TASK ITEM — Line by line, give the data again exactly as it appears, but without pictures.

-=-=-

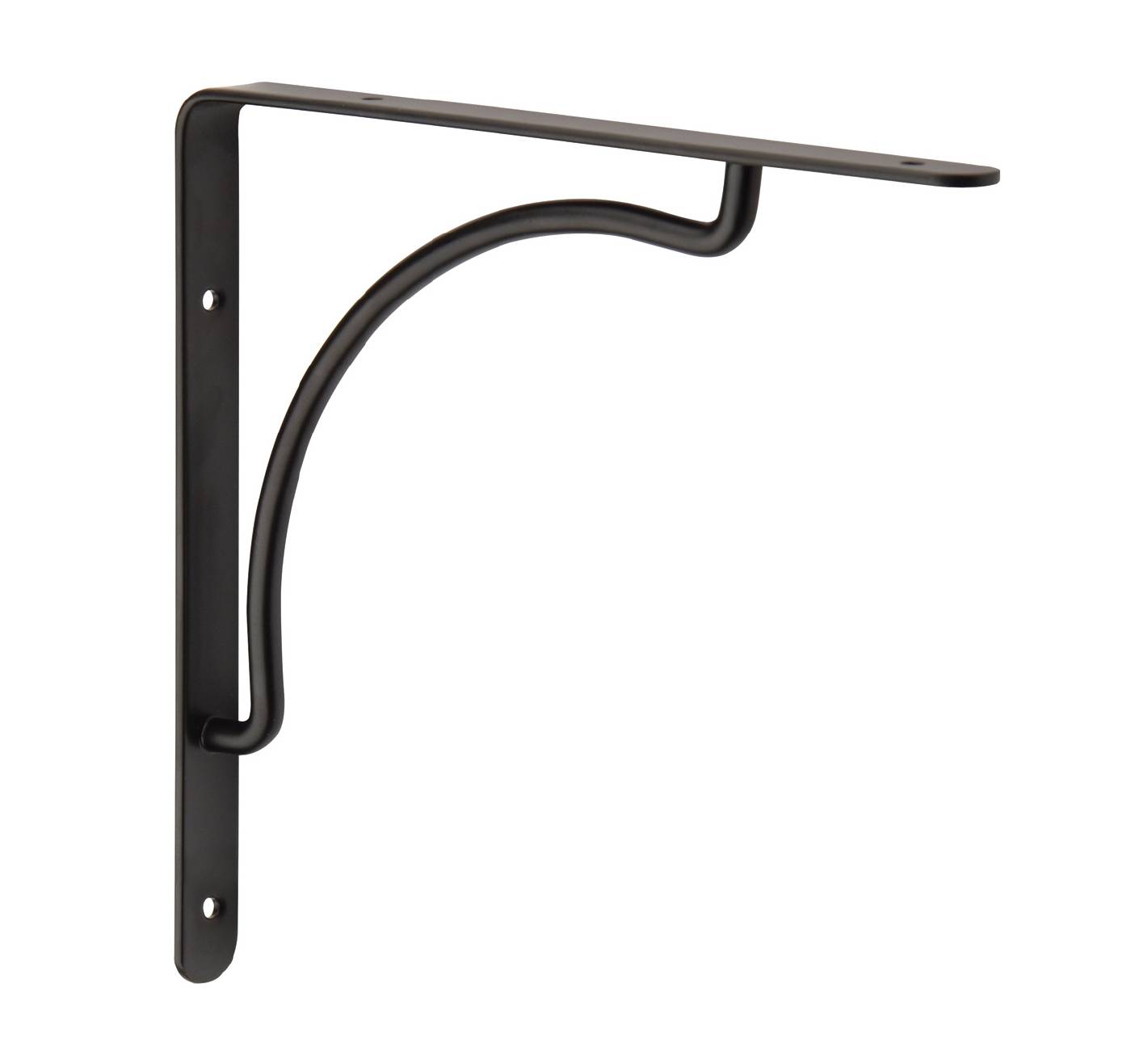Hyllekonsoll av lakkert stål. 4 svarte skruer samt plugg inngår.
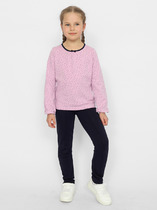 Джемпер для девочки с длинными рукавами из набивной кулирки. Низ рукава и горловина обработаны контрастной бейкой. Сзади застежка на пуговицу.
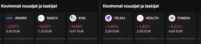 Tuplanegari salkkuun KH Groupilta, pidän Haglundin valintaa toimitusjohtajaksi tosi outona. Okei, voi olla muutosjohtaja joka myy turhat palaset ja siirtyy sitten muualle, mutta vaikea nähdä mitä RKP:n ex-pomo joka ei kelpaa minnekään saisi aikaiseksi. Toivottavasti olen väärässä ja "Hopeakieli"-Calle myy Indoorin johonkin positiiviseen hintaan. Citycon myös kurssihälytti, elpyi tosin vähän (samoin kuin KH Group) iltaan näköjään hälystä.
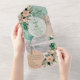 Cette carte faire-part de mariage présente un design boho-chic élégant et moderne, avec une palette de couleurs pastel douce, vert, bleu et rose. L'arrière - plan est ornée de fleurs à l'aquarelle, dont des roses et des feuillages feuillus, créant une atmosphère romantique et délicate. Le texte est écrit dans une combinaison de polices serif classique et de polices de script calligraphique, ajoutant une touche de sophistication et de grâce. La carte comprend tous les détails essentiels pour l'événement, tels que la date, l'emplacement, les options RSVP et les préférences de repas, le tout disposé en un plan circulaire qui attire l'oeil en douceur à travers le design. Tout cela en un seul design rend l'envoi d'invitations et rsvps beaucoup plus simple. Personnalisez le texte avec vos informations.
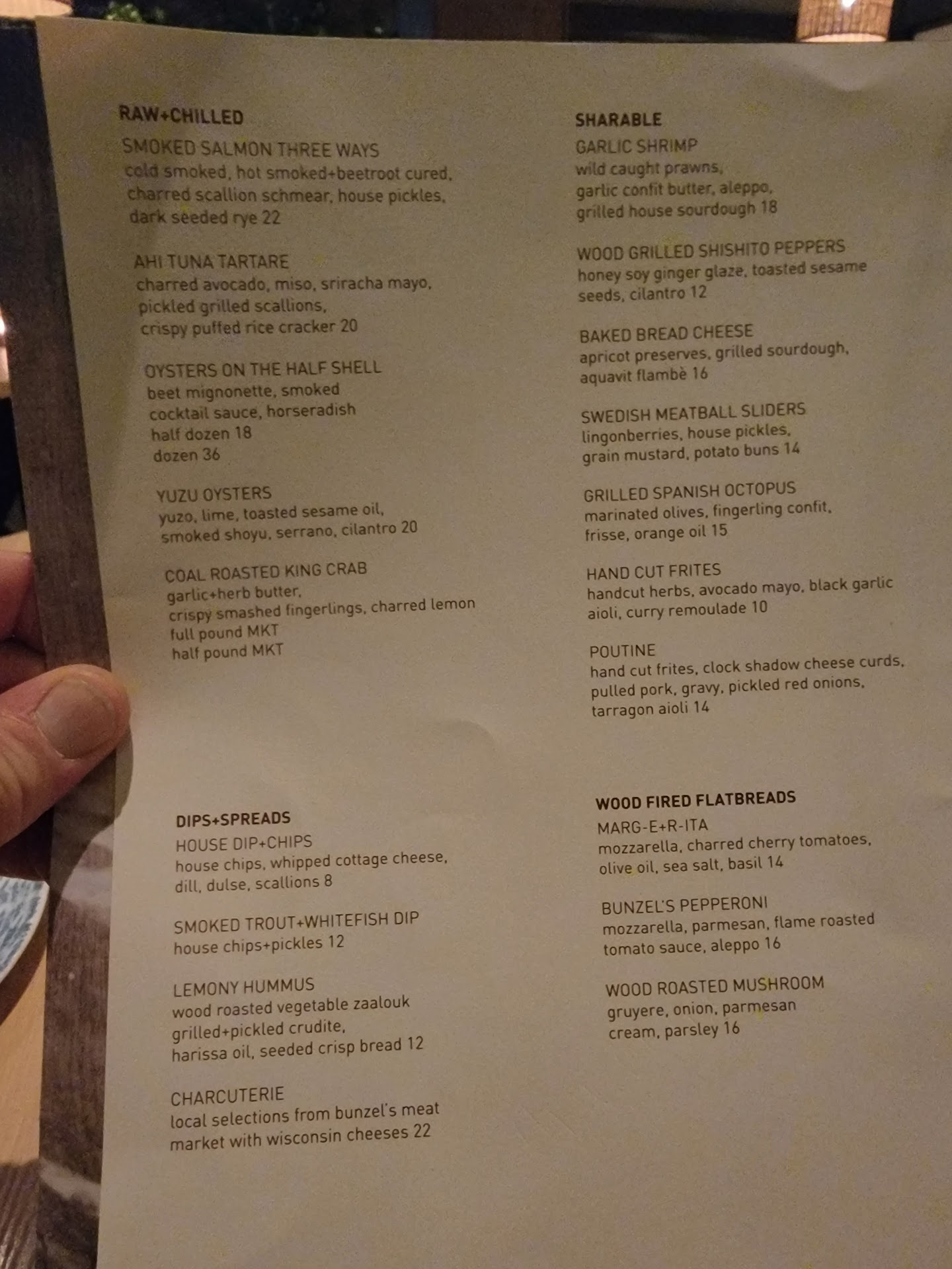 Read moreWe arrived at 650pm...had reservations at 7pm. We were not even properly greeted...guy just said....can I help you...no Hello! Welcome or nothing! I think you could fair much better with a better more enthusiastic host/hostess! First impressions mean a lot and should be expected for a place like this! We were "told" to go to the bar and wait...?? I asked for a glass of Moscato and was told they didn't serve it.. um ok? Anyway it was 715 when hubby finally went to the host and reminded him we had reservations at 7....he said our table was ready now. Our booth was very nice and cozy with pillows which was fun! The atmosphere and smell of the Wood fire is very very nice. We ordered another drink....amazingly tho... now they had Moscato...? How very odd! Anyway...ordered the charcuterie board...$22.. there was no fruit like grapes or anything or nuts either... Service was still very slow but we tried not to mind and just enjoy the atmosphere. We finally ordered...we ordered a $42 filet and hubby ordered the Tomohawk steak. It was a very very long wait....we finally noticed his steak sitting up by the kitchen warmer waiting to be picked up and delivered to us....it sat there forever...finally she delivered our food.. and low and behold it's cold...a $115 steak...cold...so we called over the waitress and told her it was cold so she took it back and apparently the chef warmed it up.. but..now a med rare $115 steak just went to a dry medium steak...with no flavor. My hubby was so excited to come here for his bday.....which was also noted on our reservations...so...the whole experience was pretty disheartening. When I asked to speak to the manager he apologized but tried to blame it on a glitch you were having that night with your computer system...? Seriously? Sorry...but when you send food back it's not because of a glitch in a computer system! Not acceptable! That waitress should have been falling over it making sure it was warmed up and returned to the customer immediately! Instead she was no where to be found! We even saw the chef set it back under the warmer again! The waitress literally disappeared from site. Never came back to check on us after all of this! We finally had to waive her over to get the check.. adjusted of course for an inedible $115 steak! I hope this is a teaching moment....never blame "poor service" on a computer glitch and be more attentive to your customers especially if you consider yourselves a "high end " dining experience! If you want to use all those $$$ in your reviews please live up to the expectations and experiences the customer is going to assume! We won't be back....sorry.. 5 o'clock steakhouse is still #1...

-=-=-

FINAL ANSWER —
Hyllekonsoll av lakkert stål. 4 svarte skruer samt plugg inngår.
 Джемпер для девочки с длинными рукавами из набивной кулирки. Низ рукава и горловина обработаны контрастной бейкой. Сзади застежка на пуговицу.
 Tuplanegari salkkuun KH Groupilta, pidän Haglundin valintaa toimitusjohtajaksi tosi outona. Okei, voi olla muutosjohtaja joka myy turhat palaset ja siirtyy sitten muualle, mutta vaikea nähdä mitä RKP:n ex-pomo joka ei kelpaa minnekään saisi aikaiseksi. Toivottavasti olen väärässä ja "Hopeakieli"-Calle myy Indoorin johonkin positiiviseen hintaan. Citycon myös kurssihälytti, elpyi tosin vähän (samoin kuin KH Group) iltaan näköjään hälystä.
 Cette carte faire-part de mariage présente un design boho-chic élégant et moderne, avec une palette de couleurs pastel douce, vert, bleu et rose. L'arrière - plan est ornée de fleurs à l'aquarelle, dont des roses et des feuillages feuillus, créant une atmosphère romantique et délicate. Le texte est écrit dans une combinaison de polices serif classique et de polices de script calligraphique, ajoutant une touche de sophistication et de grâce. La carte comprend tous les détails essentiels pour l'événement, tels que la date, l'emplacement, les options RSVP et les préférences de repas, le tout disposé en un plan circulaire qui attire l'oeil en douceur à travers le design. Tout cela en un seul design rend l'envoi d'invitations et rsvps beaucoup plus simple. Personnalisez le texte avec vos informations.
 Read moreWe arrived at 650pm...had reservations at 7pm. We were not even properly greeted...guy just said....can I help you...no Hello! Welcome or nothing! I think you could fair much better with a better more enthusiastic host/hostess! First impressions mean a lot and should be expected for a place like this! We were "told" to go to the bar and wait...?? I asked for a glass of Moscato and was told they didn't serve it.. um ok? Anyway it was 715 when hubby finally went to the host and reminded him we had reservations at 7....he said our table was ready now. Our booth was very nice and cozy with pillows which was fun! The atmosphere and smell of the Wood fire is very very nice. We ordered another drink....amazingly tho... now they had Moscato...? How very odd! Anyway...ordered the charcuterie board...$22.. there was no fruit like grapes or anything or nuts either... Service was still very slow but we tried not to mind and just enjoy the atmosphere. We finally ordered...we ordered a $42 filet and hubby ordered the Tomohawk steak. It was a very very long wait....we finally noticed his steak sitting up by the kitchen warmer waiting to be picked up and delivered to us....it sat there forever...finally she delivered our food.. and low and behold it's cold...a $115 steak...cold...so we called over the waitress and told her it was cold so she took it back and apparently the chef warmed it up.. but..now a med rare $115 steak just went to a dry medium steak...with no flavor. My hubby was so excited to come here for his bday.....which was also noted on our reservations...so...the whole experience was pretty disheartening. When I asked to speak to the manager he apologized but tried to blame it on a glitch you were having that night with your computer system...? Seriously? Sorry...but when you send food back it's not because of a glitch in a computer system! Not acceptable! That waitress should have been falling over it making sure it was warmed up and returned to the customer immediately! Instead she was no where to be found! We even saw the chef set it back under the warmer again! The waitress literally disappeared from site. Never came back to check on us after all of this! We finally had to waive her over to get the check.. adjusted of course for an inedible $115 steak! I hope this is a teaching moment....never blame "poor service" on a computer glitch and be more attentive to your customers especially if you consider yourselves a "high end " dining experience! If you want to use all those $$$ in your reviews please live up to the expectations and experiences the customer is going to assume! We won't be back....sorry.. 5 o'clock steakhouse is still #1...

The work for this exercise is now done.